What to produce:
With images removed, transcribe each record exactly as it appears.

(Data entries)
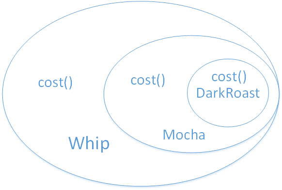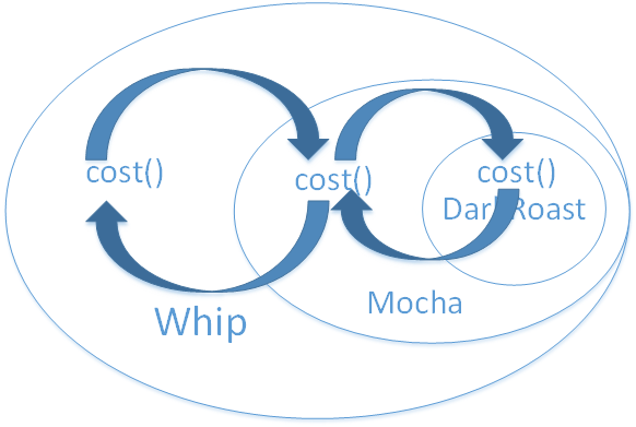 现在,当为顾客计算价格的时候,通过最外圈装饰者(Whip)的cost就可以办到。Whip的cost()会委托它所装饰的对象计算出价钱,然后加上奶泡的价钱。
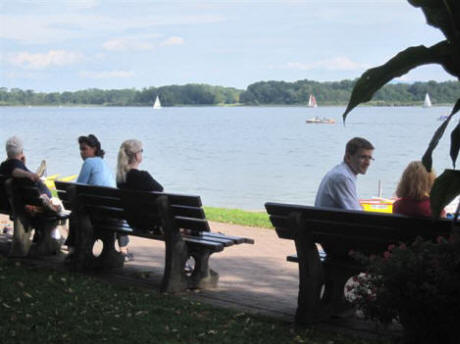 At 2:20 Marcia went to a local Apotheke and then we got back to the car. At 3:10 I drove us back to the hotel. We got back and waited for John's ship to arrive. Marcia relaxed on a bench and enjoyed the wonderful scenery. Finally their boat came in (below right) so we headed back to the car.
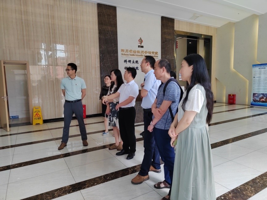 首先,省纺科院科研生产党支部书记樊武厚带领我院教师前往省纺科院下属纺织化学研究所、纤维科学与工程研究所、四川益欣科技有限责任公司科研实验室进行了参观学习。省纺科院副总经理康建平陪同并详细介绍了省纺科院的生产经营、科研成果及应用转化的情况�
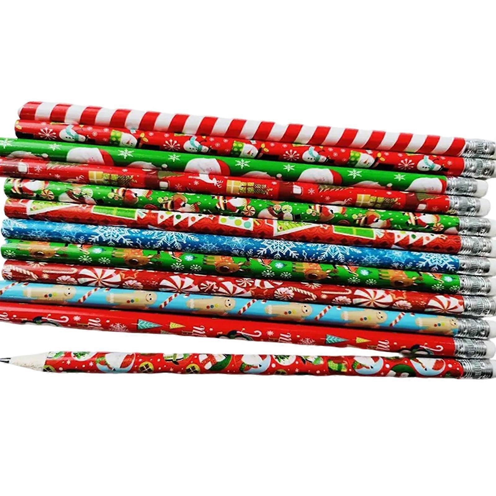 48Pieces Christmas Pencil Wood Pencils with Erasers Christmas Stocking Fillers Wood Drawing Pencils for Kid Student
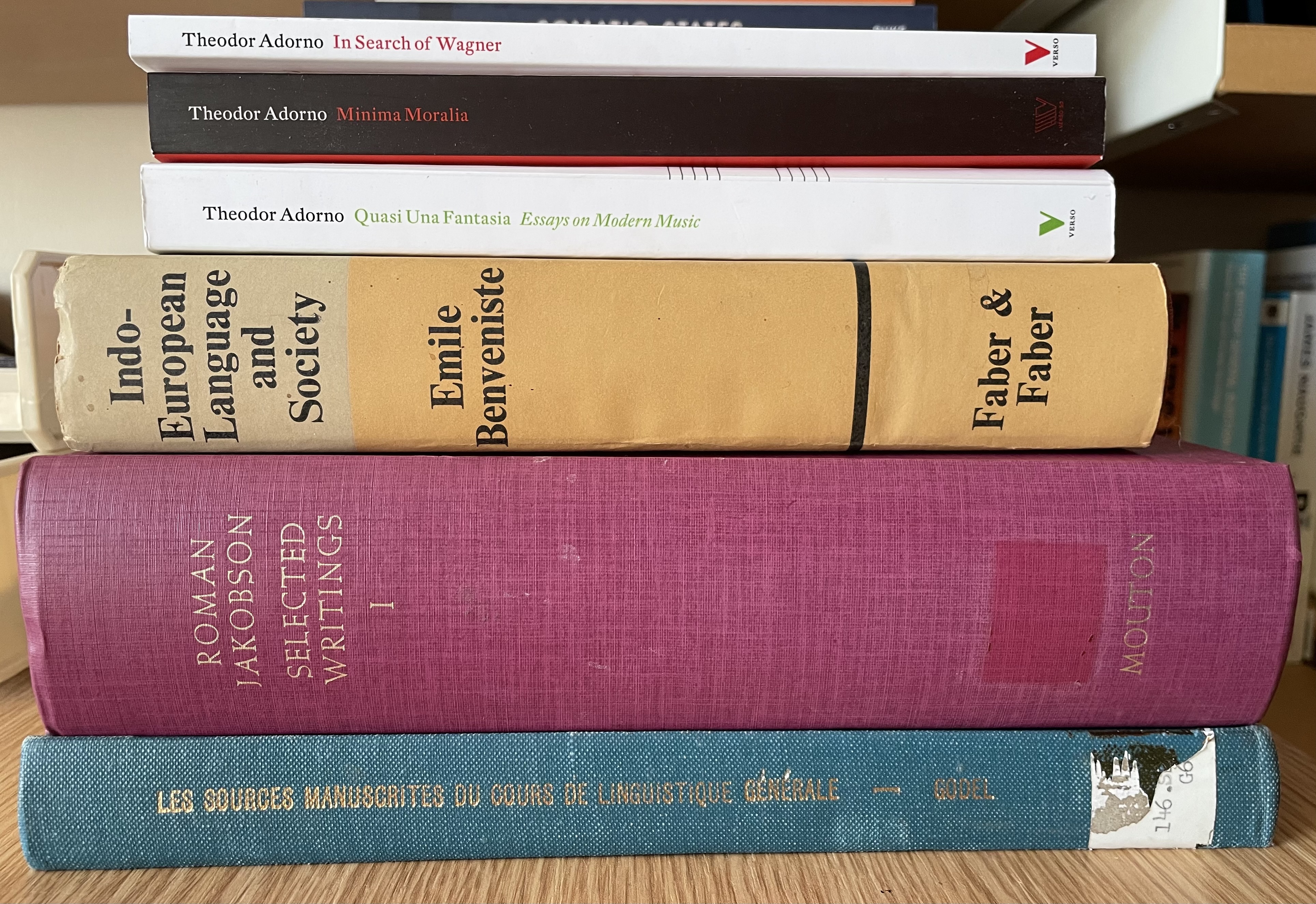 Three books by Adorno from Verso, and second-hand copies of Émile Benveniste’s Indo-European Language and Society, the first volume of Roman Jakobson’s Selected Writings, and Robert Godel, Les Sources Manuscrites du cours de linguistique générale de F. de Saussure.
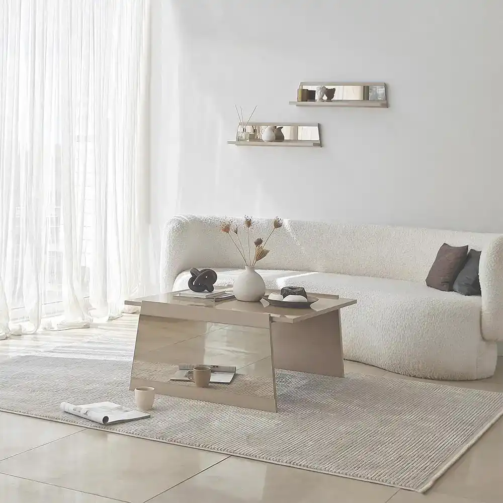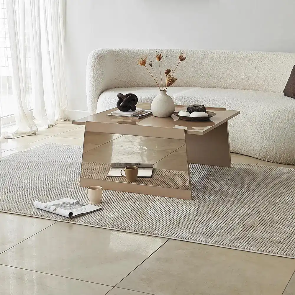 Queen Jurnal Masası - Krem/Bronz Güzgü
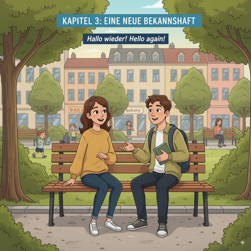 Nach ein paar Minuten (After a few minutes) kommt ein junger Mann in den Park. Er hat einen Rucksack (backpack) und sieht wie ein Student aus (looks like a student). Er setzt sich auf dieselbe Bank (the same bench) wie Anna, aber am anderen Ende (at the other end). Er holt ein Buch aus seinem Rucksack. Er schaut kurz zu Anna und lächelt. "Hallo!", sagt er. Seine Stimme ist freundlich. Anna lächelt zurück. "Hallo!", antwortet sie. Sie erinnert sich: "Hallo" ist informeller als "Guten Tag". Dieser Mann ist jung, vielleicht ist "Hallo" okay.
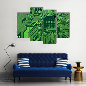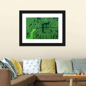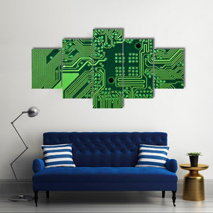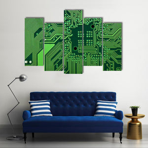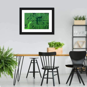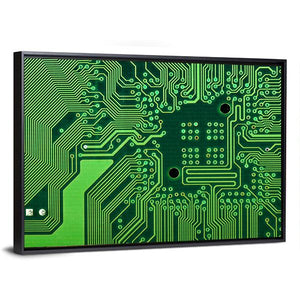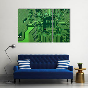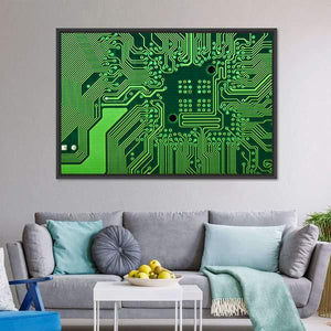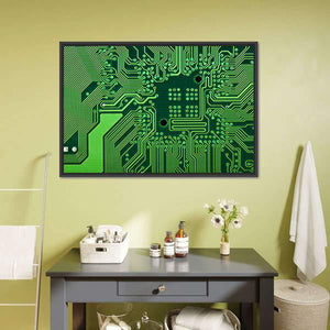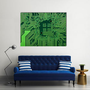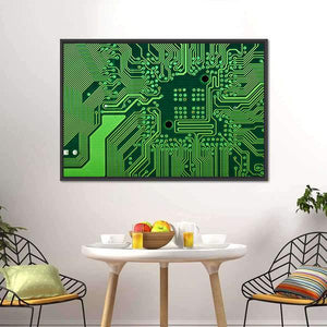 This canvas shows a close-up of a circuit board with dense networks of lines and circles, rendered in green and black. Its abstract, modern industrial look feels technical and organized, a good fit for modern homes or science-themed rooms.
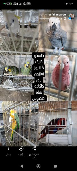 گالاروز ماده آمازون نر ماده کاسکو تعداد ۵۰ عدد شاه طوطی ۱۵ عدد کاکادو ۴ کایک ماده لری ۶ عدد عروس ۲۰۰ عدد گرینچیک ۲۰۰ عدد اکلکتوس نر ماده ملنگو نر ماده راهب ابی سبز خورشیدی ۶ عدد ملنگو طوسی آبی دستی کوتوله ۱۰۰ تاو چیزهای دیگه

Expected answer:
 现在,当为顾客计算价格的时候,通过最外圈装饰者(Whip)的cost就可以办到。Whip的cost()会委托它所装饰的对象计算出价钱,然后加上奶泡的价钱。
 At 2:20 Marcia went to a local Apotheke and then we got back to the car. At 3:10 I drove us back to the hotel. We got back and waited for John's ship to arrive. Marcia relaxed on a bench and enjoyed the wonderful scenery. Finally their boat came in (below right) so we headed back to the car.
 首先,省纺科院科研生产党支部书记樊武厚带领我院教师前往省纺科院下属纺织化学研究所、纤维科学与工程研究所、四川益欣科技有限责任公司科研实验室进行了参观学习。省纺科院副总经理康建平陪同并详细介绍了省纺科院的生产经营、科研成果及应用转化的情况�
 48Pieces Christmas Pencil Wood Pencils with Erasers Christmas Stocking Fillers Wood Drawing Pencils for Kid Student
 Three books by Adorno from Verso, and second-hand copies of Émile Benveniste’s Indo-European Language and Society, the first volume of Roman Jakobson’s Selected Writings, and Robert Godel, Les Sources Manuscrites du cours de linguistique générale de F. de Saussure.
 Queen Jurnal Masası - Krem/Bronz Güzgü
 Nach ein paar Minuten (After a few minutes) kommt ein junger Mann in den Park. Er hat einen Rucksack (backpack) und sieht wie ein Student aus (looks like a student). Er setzt sich auf dieselbe Bank (the same bench) wie Anna, aber am anderen Ende (at the other end). Er holt ein Buch aus seinem Rucksack. Er schaut kurz zu Anna und lächelt. "Hallo!", sagt er. Seine Stimme ist freundlich. Anna lächelt zurück. "Hallo!", antwortet sie. Sie erinnert sich: "Hallo" ist informeller als "Guten Tag". Dieser Mann ist jung, vielleicht ist "Hallo" okay.
 This canvas shows a close-up of a circuit board with dense networks of lines and circles, rendered in green and black. Its abstract, modern industrial look feels technical and organized, a good fit for modern homes or science-themed rooms.
 گالاروز ماده آمازون نر ماده کاسکو تعداد ۵۰ عدد شاه طوطی ۱۵ عدد کاکادو ۴ کایک ماده لری ۶ عدد عروس ۲۰۰ عدد گرینچیک ۲۰۰ عدد اکلکتوس نر ماده ملنگو نر ماده راهب ابی سبز خورشیدی ۶ عدد ملنگو طوسی آبی دستی کوتوله ۱۰۰ تاو چیزهای دیگه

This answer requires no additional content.